Four years later, Schumacher made his return to the track, driving for the new Mercedes GP team. He was 41 and he finished 9th, 8th and 13th in his three years with the Silver Arrows.
When announcing his retirement for the second time, Schumacher said: “There were times in the past few months in which I didn’t want to deal With Formula One or prepare for the next Grand Prix.”
What happened in 2013?
As tragic irony would have it, Schumacher’s life-changing accident came a year after he ended his Formula One career.
In December 2013, the Ferrari icon was skiing with his then 14-year-old son Mick, and fell, hitting his head on a rock sustaining a serious head injury. Physicians said had he not been wearing a helmet the Formula One legend would most likely have died.

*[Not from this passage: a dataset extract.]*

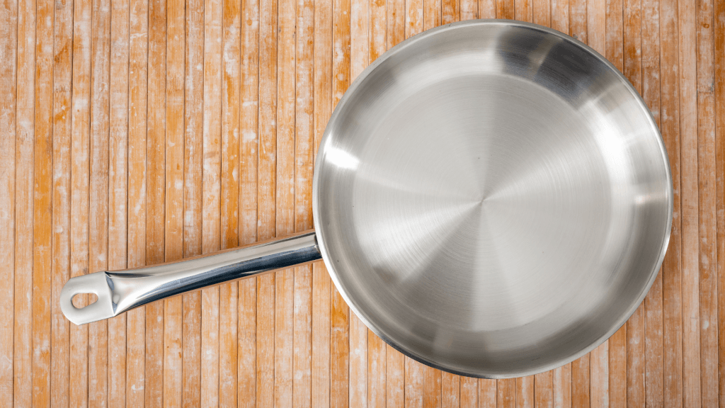 Préchauffer votre poêle en inox à feu moyen (si la plaque va à 12, mettre à 6) pendant 2 minutes

He was airlifted to Grenoble Hospital where he was put into a medically induced coma because of traumatic brain injury and by early April he was showing moments of consciousness as he was gradually withdrawn from the coma.
Schumacher left Grenoble Hospital for further rehabilitation in June 2014 and three months later left the hospital and was taken back to his home. In November 2014 it was reported that the seven-time world champion was ‘paralysed and in a wheelchair’, he ‘cannot speak and has memory problems’.

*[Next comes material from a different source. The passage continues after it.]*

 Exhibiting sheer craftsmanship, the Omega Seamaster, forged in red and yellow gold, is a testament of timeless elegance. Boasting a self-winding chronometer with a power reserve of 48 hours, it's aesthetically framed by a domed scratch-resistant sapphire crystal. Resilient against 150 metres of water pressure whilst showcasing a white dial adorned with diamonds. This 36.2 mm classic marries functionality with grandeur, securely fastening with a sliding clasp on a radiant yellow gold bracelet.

What has been said of his condition recently?
The family make a point of keeping Schumacher’s condition as private as possible. Netflix released a documentary in 2021 about the former Ferrari driver in which his wife, Corinna said: “I miss Michael every day. But it’s not just me who misses him. It’s the children, the family, his father, everyone around him. I mean, everybody misses Michael, but Michael is here. Different, but he’s here and that gives us strength, I find.
“We try to carry on a family as Michael lives. ‘Private is Private’, as he always said. It is very important to me that he can continue to enjoy his private life as much as possible.”
Additionally, his son Mick, who is now a reserve driver for Mercedes having raced for Haas for two years, said: “I think dad and me, we would understand each other in a different way now. We would have had much more to talk about and that is where my head is most of the time, thinking that would be so cool. I would give up everything just for that. These moments that I believe many people have with their parents are no longer present, or to a lesser extent.”
The most recent news comes from his former F1 boss, Jordan, who was previously banned from visiting his former driver but has since revealed Mick made contact.
Speaking to OLBG Jordan said: “As far as I’m concerned, I was touched by (Mick reaching out) and the reason I was touched by it was because it can’t be easy knowing that your father is not able to be part of the family, he’s there but he’s not there.”